Progressive MCP Server Loading Proxy

Theoretical reference / 理论参考: https://www.anthropic.com/engineering/code-execution-with-mcp

Further write-ups and updates are published on WeChat Official Account VibeStudy — follow for more discussions. 更多介绍与后续更新同步发布在微信公众号 VibeStudy，欢迎关注交流。

English

A stdio MCP server that acts as a proxy in front of other MCP servers, implementing progressive disclosure of tool definitions via a local filesystem cache.

Instead of loading all tool definitions into the model's context upfront, agents discover and load tools on demand — reducing token usage by up to 98%.

Motivation

MCP servers inject their full tool schemas into the model context at session start. Unused tools still consume tokens. When multiple servers are registered, this overhead compounds linearly.

This proxy adds a context-management layer: the agent registers only one server (mcp-proxy), while all real MCP servers are managed under the proxy's config directory. Tool schemas stay out of context until explicitly requested.

How it works

Your prompt
  └── Claude (discovers and calls tools via 5 meta-tools)
        └── mcp-proxy (stdio MCP server)
              └── Real MCP servers (tavily, markitdown, ...)

On startup, the proxy fetches all tool definitions from real MCP servers and writes them to ~/.mcp-proxy/cache/<server>/<tool>.json. At runtime, the agent reads from cache on demand via meta-tools; calls are proxied to the real server for execution.

The cache persists across restarts. Real servers are only contacted on first run or when refresh_cache is called.

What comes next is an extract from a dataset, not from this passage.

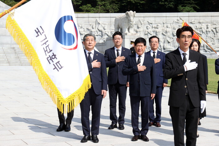 전국 시·도의회 의장과 함께 현충원을 방문한 김 의장은 충혼탑에서 엄숙한 분위기 속에 참배와 분향을 하며 나라를 위해 목숨을 바친 순국선열과 호국영령의 희생을 기렸다.

Direct mount vs. mcp-proxy:

Direct mount: [session start] → schema permanently occupies context → tokens consumed whether tool is used or not
mcp-proxy: [session start] → only 5 meta-tools → schema fetched on demand → done

Installation

This project uses flat Python modules (no package directory), so you need to tell hatchling which files to ship. The pyproject.toml already includes this configuration.

With uv (recommended)

cd path/to/this/repo
uv venv .venv
uv pip install -e .

uv pip install -e . reads pyproject.toml, registers the current directory as a Python package, and generates a mcp-proxy entry script at .venv/bin/mcp-proxy pointing to the main_sync function in proxy.py. The -e (editable) flag means source files are referenced directly — no reinstall needed after code changes.

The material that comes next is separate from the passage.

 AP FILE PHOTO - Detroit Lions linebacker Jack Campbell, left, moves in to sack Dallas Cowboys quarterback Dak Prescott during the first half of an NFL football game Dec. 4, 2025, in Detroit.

The mcp-proxy executable will be at .venv/bin/mcp-proxy.

With pip

pip install -e .

Note: On macOS with Homebrew Python, use pip install -e . --user or use uv instead to avoid PEP 668 errors.

Configuration

1. Create the proxy config

mkdir -p ~/.mcp-proxy

Create ~/.mcp-proxy/config.json and fill in your servers:

{
  "servers": {
    "my-server": {
      "command": "uvx",
      "args": ["my-mcp-server"],
      "env": {
        "API_KEY": "your-key-here"
      }
    }
  }
}

The config format mirrors the MCP server definition format used in Claude Code's settings.json and ~/.claude.json, so you can copy entries directly from there.

Example — proxying Tavily MCP:

{
  "servers": {
    "tavily": {
      "command": "npx",
      "args": ["-y", "tavily-mcp@0.1.2"],
      "env": {
        "TAVILY_API_KEY": "your-tavily-api-key"
      }
    }
  }
}

2. Verify the cache initializes

Run the proxy once to confirm it can reach your configured servers and populate the cache:

.venv/bin/mcp-proxy &
sleep 10
kill %1

You should see output like:

[proxy] Caching tavily...
[proxy] tavily: 2 tools cached

The cache is written to ~/.mcp-proxy/cache/.

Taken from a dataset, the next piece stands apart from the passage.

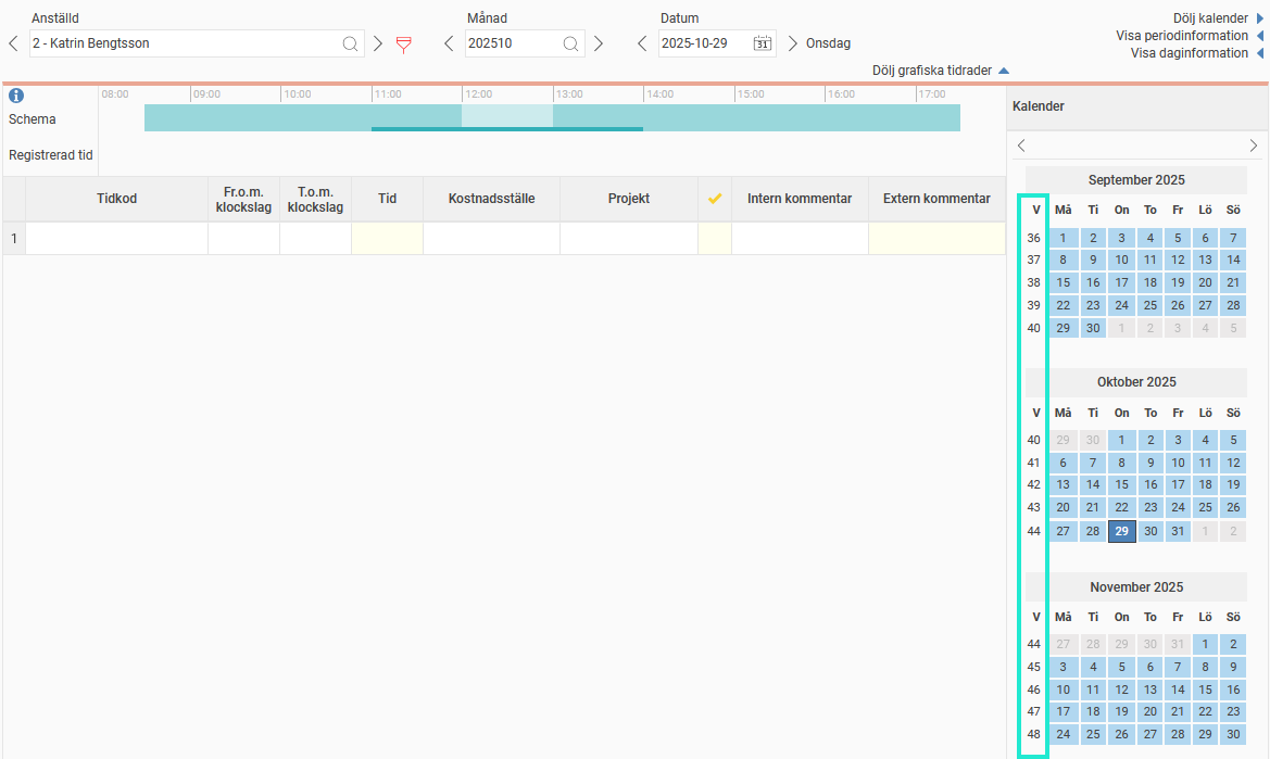 När du har gjort inställningen kommer kalendern i tidrapporten att visa veckonummer.

3. Register with Claude Code

Add to ~/.claude.json under mcpServers, using the absolute path to the venv executable:

{
  "mcpServers": {
    "mcp-proxy": {
      "command": "/absolute/path/to/repo/.venv/bin/mcp-proxy",
      "args": [],
      "env": {}
    }
  }
}

Note: Use ~/.claude.json, not ~/.claude/settings.json. The latter's mcpServers field is not used for MCP server registration.

Once mcp-proxy is registered in ~/.claude.json, all future MCP servers are added exclusively in ~/.mcp-proxy/config.json — no changes to Claude Code config required.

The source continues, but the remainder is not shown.